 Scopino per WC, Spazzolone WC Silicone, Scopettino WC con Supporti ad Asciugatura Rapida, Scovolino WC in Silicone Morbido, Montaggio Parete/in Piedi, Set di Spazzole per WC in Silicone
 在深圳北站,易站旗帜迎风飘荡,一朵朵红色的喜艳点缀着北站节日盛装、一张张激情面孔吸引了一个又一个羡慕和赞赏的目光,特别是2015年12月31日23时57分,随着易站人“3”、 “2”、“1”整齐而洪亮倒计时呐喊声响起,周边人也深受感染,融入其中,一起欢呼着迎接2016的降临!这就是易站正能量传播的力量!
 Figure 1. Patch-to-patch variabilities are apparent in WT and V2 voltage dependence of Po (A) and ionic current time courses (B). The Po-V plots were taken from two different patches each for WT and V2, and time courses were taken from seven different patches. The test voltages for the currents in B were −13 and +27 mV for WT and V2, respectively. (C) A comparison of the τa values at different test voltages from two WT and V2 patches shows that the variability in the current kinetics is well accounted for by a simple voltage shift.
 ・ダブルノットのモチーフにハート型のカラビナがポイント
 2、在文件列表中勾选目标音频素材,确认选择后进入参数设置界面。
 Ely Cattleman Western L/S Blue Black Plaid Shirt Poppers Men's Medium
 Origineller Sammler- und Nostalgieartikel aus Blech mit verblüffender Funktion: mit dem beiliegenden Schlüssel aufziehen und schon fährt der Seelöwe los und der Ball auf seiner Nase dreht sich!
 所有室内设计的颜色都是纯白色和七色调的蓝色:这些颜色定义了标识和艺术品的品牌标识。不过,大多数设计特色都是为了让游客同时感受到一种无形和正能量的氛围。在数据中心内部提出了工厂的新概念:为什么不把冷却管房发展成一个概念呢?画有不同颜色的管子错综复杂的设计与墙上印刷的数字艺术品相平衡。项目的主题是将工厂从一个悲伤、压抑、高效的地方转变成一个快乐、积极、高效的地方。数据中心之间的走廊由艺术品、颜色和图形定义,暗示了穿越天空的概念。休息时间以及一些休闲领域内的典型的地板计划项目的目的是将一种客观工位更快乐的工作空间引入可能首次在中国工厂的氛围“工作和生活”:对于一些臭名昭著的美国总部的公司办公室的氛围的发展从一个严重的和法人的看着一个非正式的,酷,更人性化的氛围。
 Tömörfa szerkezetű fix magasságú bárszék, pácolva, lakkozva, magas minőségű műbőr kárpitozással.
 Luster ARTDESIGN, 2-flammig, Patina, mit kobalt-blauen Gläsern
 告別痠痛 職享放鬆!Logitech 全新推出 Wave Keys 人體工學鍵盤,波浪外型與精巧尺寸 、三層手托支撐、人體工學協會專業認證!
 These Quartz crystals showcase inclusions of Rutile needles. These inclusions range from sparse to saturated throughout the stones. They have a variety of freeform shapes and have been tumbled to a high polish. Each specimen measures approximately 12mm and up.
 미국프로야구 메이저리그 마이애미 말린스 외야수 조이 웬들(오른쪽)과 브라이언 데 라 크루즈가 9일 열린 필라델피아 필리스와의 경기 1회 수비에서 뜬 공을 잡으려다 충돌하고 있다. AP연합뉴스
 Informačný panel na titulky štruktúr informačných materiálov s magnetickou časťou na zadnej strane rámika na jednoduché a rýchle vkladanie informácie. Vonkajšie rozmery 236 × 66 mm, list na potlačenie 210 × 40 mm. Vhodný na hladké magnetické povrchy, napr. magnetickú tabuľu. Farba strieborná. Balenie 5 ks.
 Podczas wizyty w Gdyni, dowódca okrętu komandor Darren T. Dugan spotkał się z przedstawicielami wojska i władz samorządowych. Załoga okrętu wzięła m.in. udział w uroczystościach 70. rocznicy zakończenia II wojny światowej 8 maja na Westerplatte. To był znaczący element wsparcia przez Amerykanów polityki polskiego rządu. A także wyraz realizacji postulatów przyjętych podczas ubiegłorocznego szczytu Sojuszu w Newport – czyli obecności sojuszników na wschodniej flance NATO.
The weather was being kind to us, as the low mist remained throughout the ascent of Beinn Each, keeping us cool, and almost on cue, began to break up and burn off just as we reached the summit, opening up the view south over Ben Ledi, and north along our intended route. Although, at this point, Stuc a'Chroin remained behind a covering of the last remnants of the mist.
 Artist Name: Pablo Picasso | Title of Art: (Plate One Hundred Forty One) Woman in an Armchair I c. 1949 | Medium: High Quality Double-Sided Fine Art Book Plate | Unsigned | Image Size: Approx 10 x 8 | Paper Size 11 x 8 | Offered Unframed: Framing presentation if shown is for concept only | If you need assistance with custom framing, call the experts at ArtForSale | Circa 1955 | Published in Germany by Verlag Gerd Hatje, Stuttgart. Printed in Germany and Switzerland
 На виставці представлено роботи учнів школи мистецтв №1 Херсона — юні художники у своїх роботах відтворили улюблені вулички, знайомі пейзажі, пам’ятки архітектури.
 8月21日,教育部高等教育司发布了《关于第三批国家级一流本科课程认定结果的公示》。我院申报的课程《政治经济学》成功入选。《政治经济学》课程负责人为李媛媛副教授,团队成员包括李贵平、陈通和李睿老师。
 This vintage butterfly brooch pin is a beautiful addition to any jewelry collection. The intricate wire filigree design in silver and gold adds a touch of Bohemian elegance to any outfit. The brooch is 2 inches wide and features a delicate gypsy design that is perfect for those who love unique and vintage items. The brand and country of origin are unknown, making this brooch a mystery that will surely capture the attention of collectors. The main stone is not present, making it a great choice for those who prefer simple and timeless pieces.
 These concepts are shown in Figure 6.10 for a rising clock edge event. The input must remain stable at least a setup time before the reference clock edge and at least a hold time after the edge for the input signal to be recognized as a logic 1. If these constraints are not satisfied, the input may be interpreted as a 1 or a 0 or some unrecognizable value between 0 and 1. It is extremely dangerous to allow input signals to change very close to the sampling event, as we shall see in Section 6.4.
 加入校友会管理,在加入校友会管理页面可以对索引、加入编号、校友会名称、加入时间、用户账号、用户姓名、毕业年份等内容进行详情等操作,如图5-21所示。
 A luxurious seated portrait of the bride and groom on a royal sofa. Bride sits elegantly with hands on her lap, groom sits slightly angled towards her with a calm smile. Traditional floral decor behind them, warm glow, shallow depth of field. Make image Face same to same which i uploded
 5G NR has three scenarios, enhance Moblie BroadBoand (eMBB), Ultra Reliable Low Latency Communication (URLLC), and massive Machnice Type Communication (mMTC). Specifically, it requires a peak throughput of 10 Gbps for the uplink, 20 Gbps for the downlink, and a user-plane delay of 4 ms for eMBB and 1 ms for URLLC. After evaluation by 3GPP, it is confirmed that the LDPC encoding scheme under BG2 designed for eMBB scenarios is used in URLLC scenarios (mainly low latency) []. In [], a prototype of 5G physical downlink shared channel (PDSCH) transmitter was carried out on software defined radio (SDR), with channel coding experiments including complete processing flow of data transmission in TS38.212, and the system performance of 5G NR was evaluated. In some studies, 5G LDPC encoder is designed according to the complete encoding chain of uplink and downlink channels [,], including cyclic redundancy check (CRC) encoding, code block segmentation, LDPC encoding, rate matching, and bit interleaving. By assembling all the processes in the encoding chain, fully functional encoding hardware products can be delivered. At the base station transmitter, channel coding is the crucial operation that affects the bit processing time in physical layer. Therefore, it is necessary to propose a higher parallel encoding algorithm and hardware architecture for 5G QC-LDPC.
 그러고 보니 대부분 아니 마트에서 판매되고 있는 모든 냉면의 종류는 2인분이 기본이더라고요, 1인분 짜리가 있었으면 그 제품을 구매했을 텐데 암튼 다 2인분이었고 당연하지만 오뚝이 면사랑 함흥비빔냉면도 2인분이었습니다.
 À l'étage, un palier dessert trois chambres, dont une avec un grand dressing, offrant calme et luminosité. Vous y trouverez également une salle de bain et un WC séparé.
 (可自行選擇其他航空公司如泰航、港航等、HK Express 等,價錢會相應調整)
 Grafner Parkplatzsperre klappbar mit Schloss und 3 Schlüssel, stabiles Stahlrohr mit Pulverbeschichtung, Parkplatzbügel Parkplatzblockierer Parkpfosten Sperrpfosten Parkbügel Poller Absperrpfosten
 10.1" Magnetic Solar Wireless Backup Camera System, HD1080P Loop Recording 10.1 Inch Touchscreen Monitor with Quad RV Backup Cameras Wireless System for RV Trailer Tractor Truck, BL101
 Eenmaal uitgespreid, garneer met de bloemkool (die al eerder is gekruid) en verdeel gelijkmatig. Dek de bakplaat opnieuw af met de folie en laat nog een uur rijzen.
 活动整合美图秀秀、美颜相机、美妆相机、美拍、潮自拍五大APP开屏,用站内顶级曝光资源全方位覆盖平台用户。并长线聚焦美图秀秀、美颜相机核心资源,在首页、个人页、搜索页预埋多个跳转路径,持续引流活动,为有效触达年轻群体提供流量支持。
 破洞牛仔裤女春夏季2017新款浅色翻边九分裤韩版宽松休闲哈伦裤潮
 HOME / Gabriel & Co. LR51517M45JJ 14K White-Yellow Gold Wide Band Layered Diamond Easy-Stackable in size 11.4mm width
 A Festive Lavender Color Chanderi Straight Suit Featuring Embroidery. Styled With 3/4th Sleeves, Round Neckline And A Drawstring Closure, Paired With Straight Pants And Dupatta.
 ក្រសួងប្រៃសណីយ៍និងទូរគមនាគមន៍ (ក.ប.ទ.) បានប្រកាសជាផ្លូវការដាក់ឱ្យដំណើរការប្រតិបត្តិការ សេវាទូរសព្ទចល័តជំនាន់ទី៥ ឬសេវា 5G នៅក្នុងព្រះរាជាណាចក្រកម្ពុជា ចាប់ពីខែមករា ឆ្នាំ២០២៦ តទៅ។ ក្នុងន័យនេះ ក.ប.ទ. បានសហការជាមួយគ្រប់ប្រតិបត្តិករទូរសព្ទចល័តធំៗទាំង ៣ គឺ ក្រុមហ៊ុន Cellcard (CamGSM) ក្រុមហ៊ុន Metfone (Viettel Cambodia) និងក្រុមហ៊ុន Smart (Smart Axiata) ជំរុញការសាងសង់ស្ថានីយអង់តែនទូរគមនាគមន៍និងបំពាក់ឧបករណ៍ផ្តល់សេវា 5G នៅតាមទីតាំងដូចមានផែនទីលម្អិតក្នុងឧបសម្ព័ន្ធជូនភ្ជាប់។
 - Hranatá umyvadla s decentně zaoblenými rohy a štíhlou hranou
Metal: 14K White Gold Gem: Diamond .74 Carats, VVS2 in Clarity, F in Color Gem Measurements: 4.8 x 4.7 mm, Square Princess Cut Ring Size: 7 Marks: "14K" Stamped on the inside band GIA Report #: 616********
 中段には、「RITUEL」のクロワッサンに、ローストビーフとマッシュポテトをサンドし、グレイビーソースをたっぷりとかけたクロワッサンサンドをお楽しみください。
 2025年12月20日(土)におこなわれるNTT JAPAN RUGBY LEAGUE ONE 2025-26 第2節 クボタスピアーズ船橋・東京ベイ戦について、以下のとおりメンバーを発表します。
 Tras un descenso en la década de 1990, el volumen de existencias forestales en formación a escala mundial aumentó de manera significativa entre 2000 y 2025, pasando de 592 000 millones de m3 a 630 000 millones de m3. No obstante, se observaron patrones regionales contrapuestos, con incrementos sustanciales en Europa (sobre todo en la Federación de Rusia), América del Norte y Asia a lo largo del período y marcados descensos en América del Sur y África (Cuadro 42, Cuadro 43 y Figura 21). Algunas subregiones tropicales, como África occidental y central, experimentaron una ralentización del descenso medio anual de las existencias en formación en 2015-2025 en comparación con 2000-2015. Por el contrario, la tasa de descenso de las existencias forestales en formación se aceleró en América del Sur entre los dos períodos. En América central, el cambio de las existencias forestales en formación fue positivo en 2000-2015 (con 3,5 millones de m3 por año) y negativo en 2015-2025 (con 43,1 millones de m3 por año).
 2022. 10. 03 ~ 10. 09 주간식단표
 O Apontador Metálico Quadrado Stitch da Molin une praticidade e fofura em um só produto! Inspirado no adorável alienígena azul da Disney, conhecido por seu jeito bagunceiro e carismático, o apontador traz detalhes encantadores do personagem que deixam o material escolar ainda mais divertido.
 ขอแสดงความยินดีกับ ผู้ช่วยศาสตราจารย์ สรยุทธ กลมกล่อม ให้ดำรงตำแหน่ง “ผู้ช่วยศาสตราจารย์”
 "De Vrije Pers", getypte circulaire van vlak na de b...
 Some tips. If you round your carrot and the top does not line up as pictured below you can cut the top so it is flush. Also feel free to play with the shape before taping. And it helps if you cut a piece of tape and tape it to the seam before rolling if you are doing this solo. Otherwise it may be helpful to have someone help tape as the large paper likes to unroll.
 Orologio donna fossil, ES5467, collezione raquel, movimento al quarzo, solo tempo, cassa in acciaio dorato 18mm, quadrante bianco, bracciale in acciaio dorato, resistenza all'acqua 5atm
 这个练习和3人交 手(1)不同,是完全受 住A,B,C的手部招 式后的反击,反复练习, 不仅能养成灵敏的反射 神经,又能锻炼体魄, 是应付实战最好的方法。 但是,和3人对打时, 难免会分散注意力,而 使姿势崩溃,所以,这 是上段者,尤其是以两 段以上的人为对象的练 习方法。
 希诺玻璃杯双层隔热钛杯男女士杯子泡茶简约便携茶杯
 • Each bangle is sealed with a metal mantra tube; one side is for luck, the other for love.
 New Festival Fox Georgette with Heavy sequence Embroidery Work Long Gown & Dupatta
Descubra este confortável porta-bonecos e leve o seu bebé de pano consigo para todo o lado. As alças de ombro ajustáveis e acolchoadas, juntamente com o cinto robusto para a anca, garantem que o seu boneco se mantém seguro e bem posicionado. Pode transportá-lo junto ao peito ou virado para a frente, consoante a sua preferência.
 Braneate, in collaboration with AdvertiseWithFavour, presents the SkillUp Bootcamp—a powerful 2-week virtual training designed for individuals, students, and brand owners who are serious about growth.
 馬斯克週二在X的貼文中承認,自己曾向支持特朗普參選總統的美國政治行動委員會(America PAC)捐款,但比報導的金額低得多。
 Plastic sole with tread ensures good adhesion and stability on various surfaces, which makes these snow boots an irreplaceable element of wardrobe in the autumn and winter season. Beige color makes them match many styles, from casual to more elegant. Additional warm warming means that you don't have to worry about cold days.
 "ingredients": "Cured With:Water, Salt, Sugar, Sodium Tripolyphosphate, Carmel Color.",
━━━
# Work to complete
Only a number is expected here: how many lines of the records above contain "Embroidery".

# Solution to the problem
2